Back to Hiccup. Despite all odds a romance builds up between Hiccup and Astrid, but what does she see in him and what can he offer this fierce and brutal Viking girl? If bare skill, genius or devotion would suffice to attract a woman every gamer and nerd would easily get laid. No, Hiccup captures Astrid’s heart by showing her the true meaning of freedom and beauty, by showing her heaven and letting her touch the sky (after she have apologized to Toothless for being rude).

But there still remains several challenges for Hiccup and Toothless in order for him to gain the acceptance of his father and the tribe, and to permanently change the relationship between Vikings and dragons. It will take a mutual enemy and threat for them to team up and Hiccup will have to kill his first dragon.

As this is a movie, a tale, we can project any meaning onto it as we wish. We could also see this as a story of man’s relation to nature. Nature as something that is to be conquered and controlled, as something that we can have a relation with and work with, or as something that we are…?! The question is if we need a mutual enemy (aliens?) in order to team up or if we can find our way by ourselves.

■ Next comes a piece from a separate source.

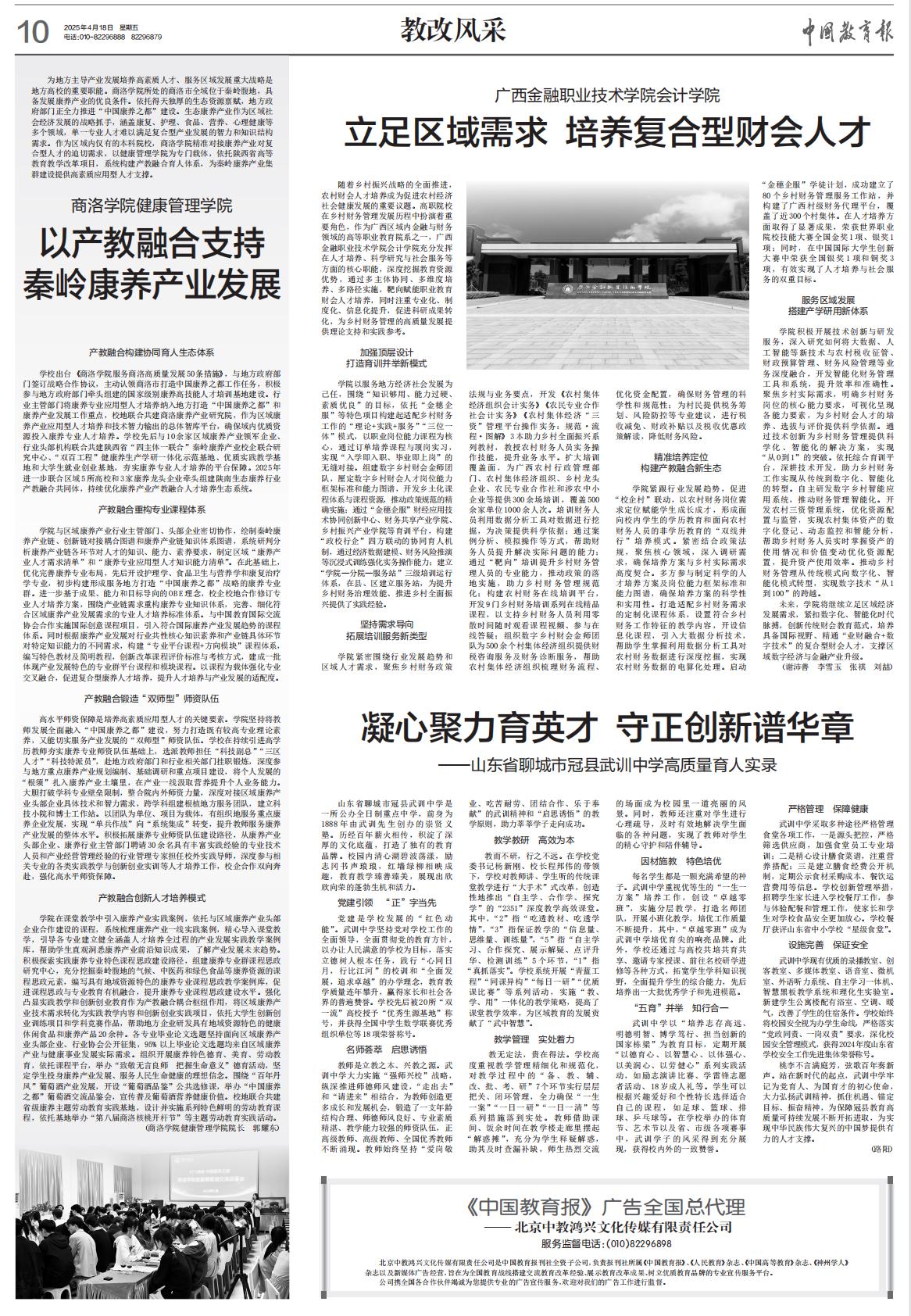 4月18日,《中国教育报》“教改风采”版面刊发专题报道《开云kaiyun登录入口健康管理学院以产教融合支持秦岭康养产业发展》。文章从构建协同育人生态体系、重构专业课程体系、锻造“双师型”师资队伍、创新人才培养模式四个方面全面介绍了开云官网深化产教融合、助力人才培养,积极协助地方政府打造“中国康养之都”的特色创新举措。

Besides what has already been mentioned, there are several aspects that I think makes this a great movie. For instance the music by John Powel and the portraying of Toothless and the interplay with Hiccup (I’m a former dog trainer and I had a black German shepherd that somewhat resembled Toothless). So if you have or know any kids you should definitely rent it and see it together. And if you don’t have any, rent it anyway and take The Expendables II at the same time so there is no doubt that you are a real man!

With Van Damme, Schwarzenegger, Stallone, Bruce Willis, Jason Statham, Dolph, Jet Li and Chuck Norris, you can always learn something about masculinity. The macho kick-ass part as well as the part of being expendable…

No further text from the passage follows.